-------- RAW DATA

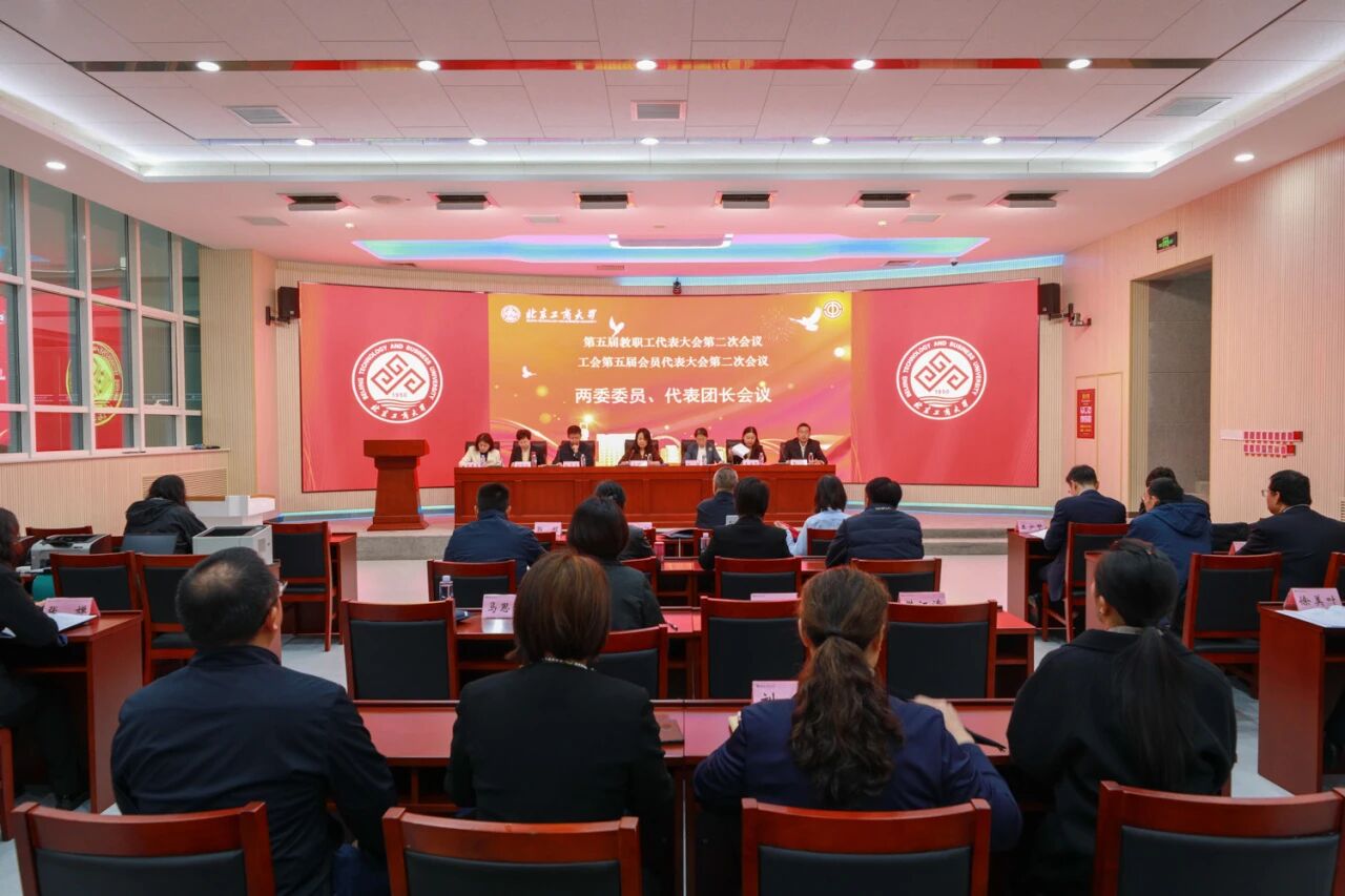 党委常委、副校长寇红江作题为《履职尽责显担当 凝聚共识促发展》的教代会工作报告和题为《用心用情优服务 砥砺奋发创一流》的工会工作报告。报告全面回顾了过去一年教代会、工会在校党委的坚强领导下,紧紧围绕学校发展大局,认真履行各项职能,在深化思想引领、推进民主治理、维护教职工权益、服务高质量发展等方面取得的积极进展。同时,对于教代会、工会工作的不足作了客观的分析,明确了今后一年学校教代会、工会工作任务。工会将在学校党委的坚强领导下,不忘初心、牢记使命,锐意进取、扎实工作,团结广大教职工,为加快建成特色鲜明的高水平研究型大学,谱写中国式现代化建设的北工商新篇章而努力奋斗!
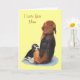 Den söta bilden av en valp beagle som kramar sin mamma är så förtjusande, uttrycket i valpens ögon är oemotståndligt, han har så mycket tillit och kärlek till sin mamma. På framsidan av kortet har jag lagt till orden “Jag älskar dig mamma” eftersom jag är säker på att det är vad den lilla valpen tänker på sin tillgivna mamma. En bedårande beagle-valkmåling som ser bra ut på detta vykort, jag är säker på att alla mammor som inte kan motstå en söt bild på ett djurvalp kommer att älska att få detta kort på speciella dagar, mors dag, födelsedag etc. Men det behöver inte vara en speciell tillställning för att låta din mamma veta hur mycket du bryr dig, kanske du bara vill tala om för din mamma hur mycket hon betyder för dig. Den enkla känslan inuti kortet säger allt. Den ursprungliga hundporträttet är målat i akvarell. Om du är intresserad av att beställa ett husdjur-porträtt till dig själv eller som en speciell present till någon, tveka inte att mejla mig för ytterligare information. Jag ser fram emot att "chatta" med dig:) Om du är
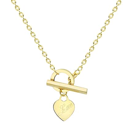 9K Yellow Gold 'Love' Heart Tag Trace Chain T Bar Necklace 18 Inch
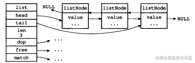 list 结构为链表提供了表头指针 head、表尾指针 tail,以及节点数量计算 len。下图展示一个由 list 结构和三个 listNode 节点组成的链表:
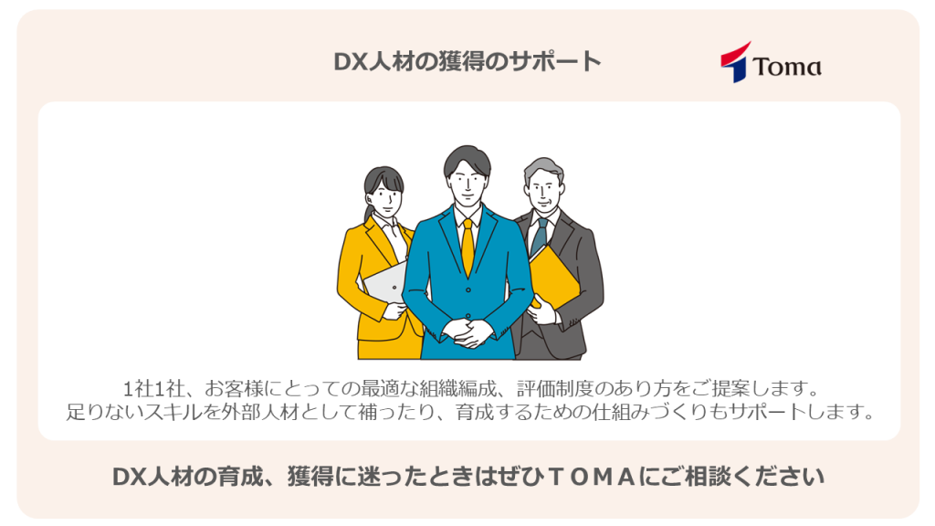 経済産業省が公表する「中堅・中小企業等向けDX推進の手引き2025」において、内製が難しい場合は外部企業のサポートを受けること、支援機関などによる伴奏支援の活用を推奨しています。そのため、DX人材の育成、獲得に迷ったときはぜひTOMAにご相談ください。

----------------

__THE PROBLEM__. Give back all the material exactly, with no pictures.

__ANSWER TO THIS TASK__.
 党委常委、副校长寇红江作题为《履职尽责显担当 凝聚共识促发展》的教代会工作报告和题为《用心用情优服务 砥砺奋发创一流》的工会工作报告。报告全面回顾了过去一年教代会、工会在校党委的坚强领导下,紧紧围绕学校发展大局,认真履行各项职能,在深化思想引领、推进民主治理、维护教职工权益、服务高质量发展等方面取得的积极进展。同时,对于教代会、工会工作的不足作了客观的分析,明确了今后一年学校教代会、工会工作任务。工会将在学校党委的坚强领导下,不忘初心、牢记使命,锐意进取、扎实工作,团结广大教职工,为加快建成特色鲜明的高水平研究型大学,谱写中国式现代化建设的北工商新篇章而努力奋斗!
 Den söta bilden av en valp beagle som kramar sin mamma är så förtjusande, uttrycket i valpens ögon är oemotståndligt, han har så mycket tillit och kärlek till sin mamma. På framsidan av kortet har jag lagt till orden “Jag älskar dig mamma” eftersom jag är säker på att det är vad den lilla valpen tänker på sin tillgivna mamma. En bedårande beagle-valkmåling som ser bra ut på detta vykort, jag är säker på att alla mammor som inte kan motstå en söt bild på ett djurvalp kommer att älska att få detta kort på speciella dagar, mors dag, födelsedag etc. Men det behöver inte vara en speciell tillställning för att låta din mamma veta hur mycket du bryr dig, kanske du bara vill tala om för din mamma hur mycket hon betyder för dig. Den enkla känslan inuti kortet säger allt. Den ursprungliga hundporträttet är målat i akvarell. Om du är intresserad av att beställa ett husdjur-porträtt till dig själv eller som en speciell present till någon, tveka inte att mejla mig för ytterligare information. Jag ser fram emot att "chatta" med dig:) Om du är
 9K Yellow Gold 'Love' Heart Tag Trace Chain T Bar Necklace 18 Inch
 list 结构为链表提供了表头指针 head、表尾指针 tail,以及节点数量计算 len。下图展示一个由 list 结构和三个 listNode 节点组成的链表:
 経済産業省が公表する「中堅・中小企業等向けDX推進の手引き2025」において、内製が難しい場合は外部企業のサポートを受けること、支援機関などによる伴奏支援の活用を推奨しています。そのため、DX人材の育成、獲得に迷ったときはぜひTOMAにご相談ください。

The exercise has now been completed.